Inside the Boom: My Family’s Oil Patch Tour


Emily Guerin

Horseback riding in the badlands. Little Missouri State Park, North Dakota.

Horseback riding in the Badlands. Little Missouri State Park, North Dakota.

Emily Guerin

Last weekend my parents and brother came to visit from Massachusetts. They’d never been to North Dakota before, so we headed up to the oil patch (I like to make sure visitors see where their energy comes from, so later that week I sent them on a coal mine tour). As we drove north towards Watford City, rain started spattering the windshield. Huge trucks whipped by in the other lane, sucking our little car towards them. The sky was slate gray, and natural gas flared along both sides of the road. “It kind of feels like we’re driving into hell,” my mom said.

The storm passed and that night we camped at Little Missouri State Park, a beautiful swatch of Badlands, prairie, and pockets of forest on the south side of the river. It’s now sandwiched between a saltwater disposal site and a well pad, and at night you can see distant drilling rigs illuminated by flood lights.
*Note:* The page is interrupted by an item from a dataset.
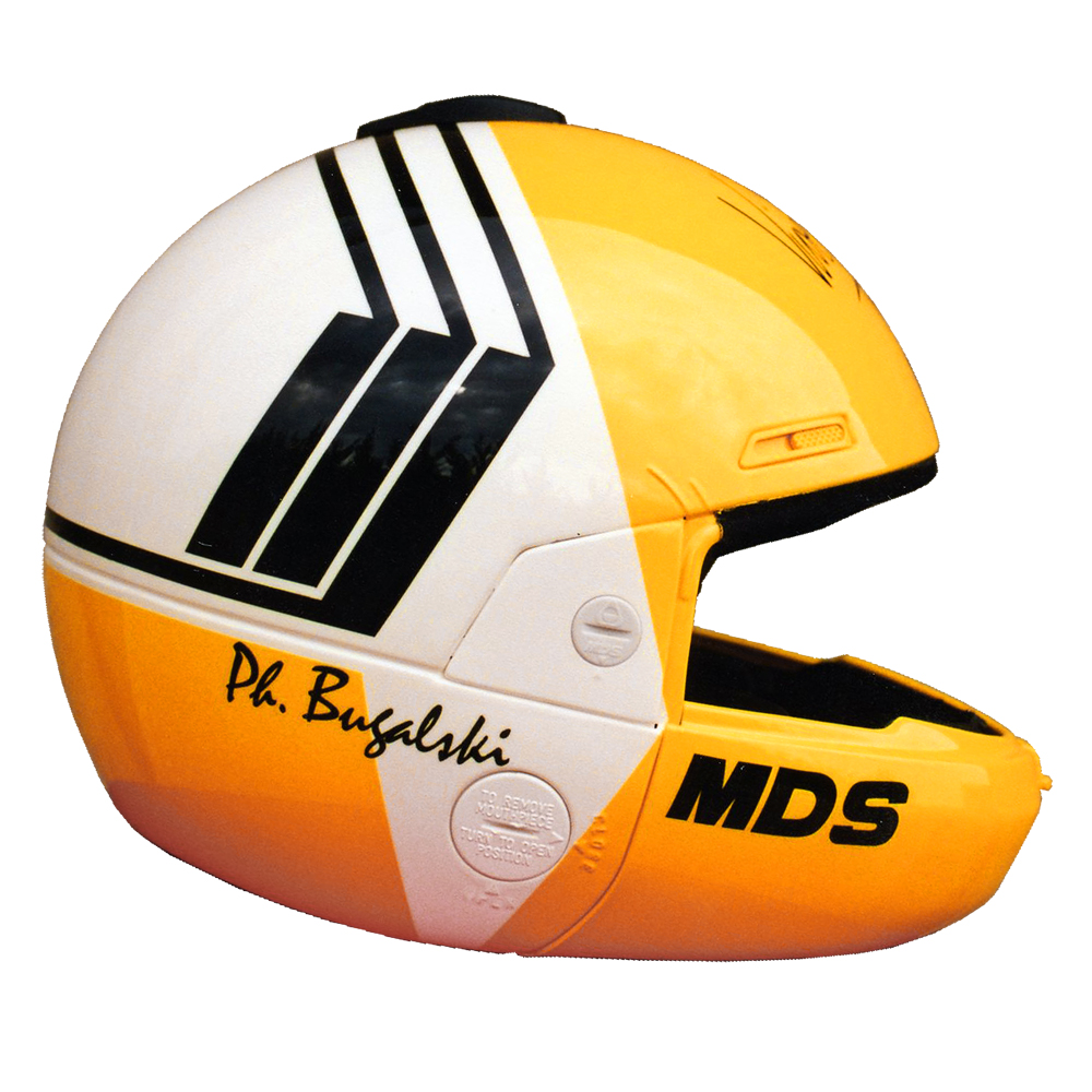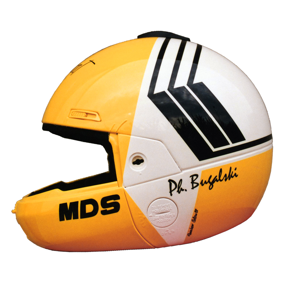 Rallye 1989 Philippe BUGALSKI #2 Casque MDS M 91 Pro Look Integral, crée et peint par Christian Roux / Rainbow Colors en 1989 pour Philippe Bugalski, Team Renault Sport, Championnat du Monde des Rallyes. Précédent Suivant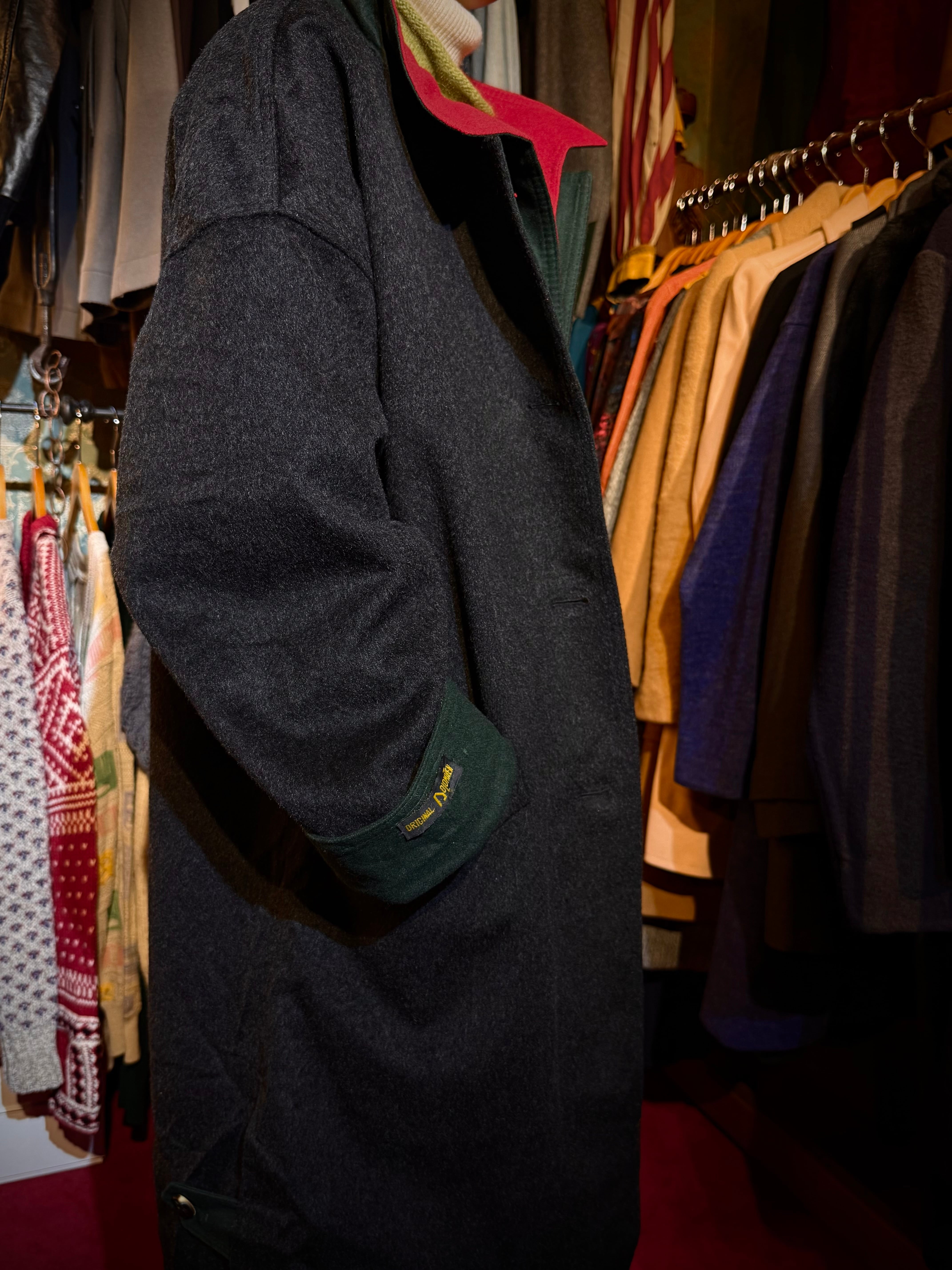 ダークグレーを基調に、チロルの自然を思わせるモスグリーンと赤の差し色が映える、雰囲気のある一着です。

We were there to ride horses, and in the morning we set out along the rim of the eroded bluffs and hillsides that slope down towards the river. Our trail followed a gravel road for much of the way—our guide said an oil company had built it recently and planned to start drilling in 2017. Below the ridge, a butte had been leveled for a well pad. Just off the road, a small cluster of oil workers lived out of RVs and trailers. Our guide said there were few places to ride in the park where you couldn’t see any oil development at all from the trail.

While it may not be as scenic and undeveloped as it was a few years ago, the Little Missouri State Park is still a great place to visit, especially for those who want to experience the uneasy coexistence of outdoor recreation and the oil industry.